Task prompt: Please copy exactly the part of the records below that opens with the line containing "I got up early" and closes with the line containing "2. Fill in the", leaving out any pictures.

(Beginning of Dataset)

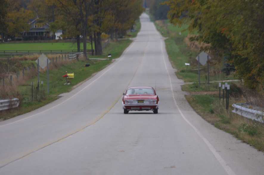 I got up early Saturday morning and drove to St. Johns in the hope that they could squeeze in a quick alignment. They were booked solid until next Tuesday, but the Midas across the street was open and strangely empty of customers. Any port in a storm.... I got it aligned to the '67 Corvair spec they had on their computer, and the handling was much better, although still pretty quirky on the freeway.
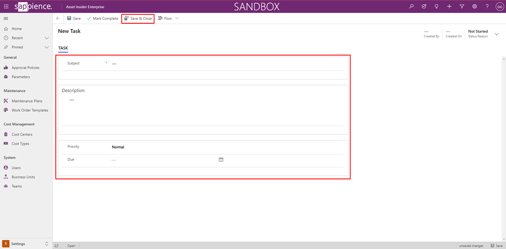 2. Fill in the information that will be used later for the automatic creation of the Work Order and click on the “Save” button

(End of Dataset)
(Beginning of Dataset)

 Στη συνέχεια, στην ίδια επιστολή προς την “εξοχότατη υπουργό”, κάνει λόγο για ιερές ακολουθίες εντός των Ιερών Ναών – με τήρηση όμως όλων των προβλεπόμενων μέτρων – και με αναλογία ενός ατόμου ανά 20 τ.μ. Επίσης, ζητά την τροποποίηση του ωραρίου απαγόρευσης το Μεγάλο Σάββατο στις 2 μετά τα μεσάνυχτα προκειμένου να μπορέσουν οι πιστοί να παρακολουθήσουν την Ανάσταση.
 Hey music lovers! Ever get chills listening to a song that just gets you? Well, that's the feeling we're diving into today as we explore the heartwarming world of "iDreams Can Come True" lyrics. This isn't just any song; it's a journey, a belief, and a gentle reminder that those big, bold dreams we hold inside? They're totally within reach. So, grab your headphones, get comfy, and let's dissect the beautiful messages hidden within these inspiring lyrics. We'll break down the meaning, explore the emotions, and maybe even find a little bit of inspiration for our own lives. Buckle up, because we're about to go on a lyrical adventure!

(End of Dataset)

Solution to this task:
 I got up early Saturday morning and drove to St. Johns in the hope that they could squeeze in a quick alignment. They were booked solid until next Tuesday, but the Midas across the street was open and strangely empty of customers. Any port in a storm.... I got it aligned to the '67 Corvair spec they had on their computer, and the handling was much better, although still pretty quirky on the freeway.
 2. Fill in the information that will be used later for the automatic creation of the Work Order and click on the “Save” button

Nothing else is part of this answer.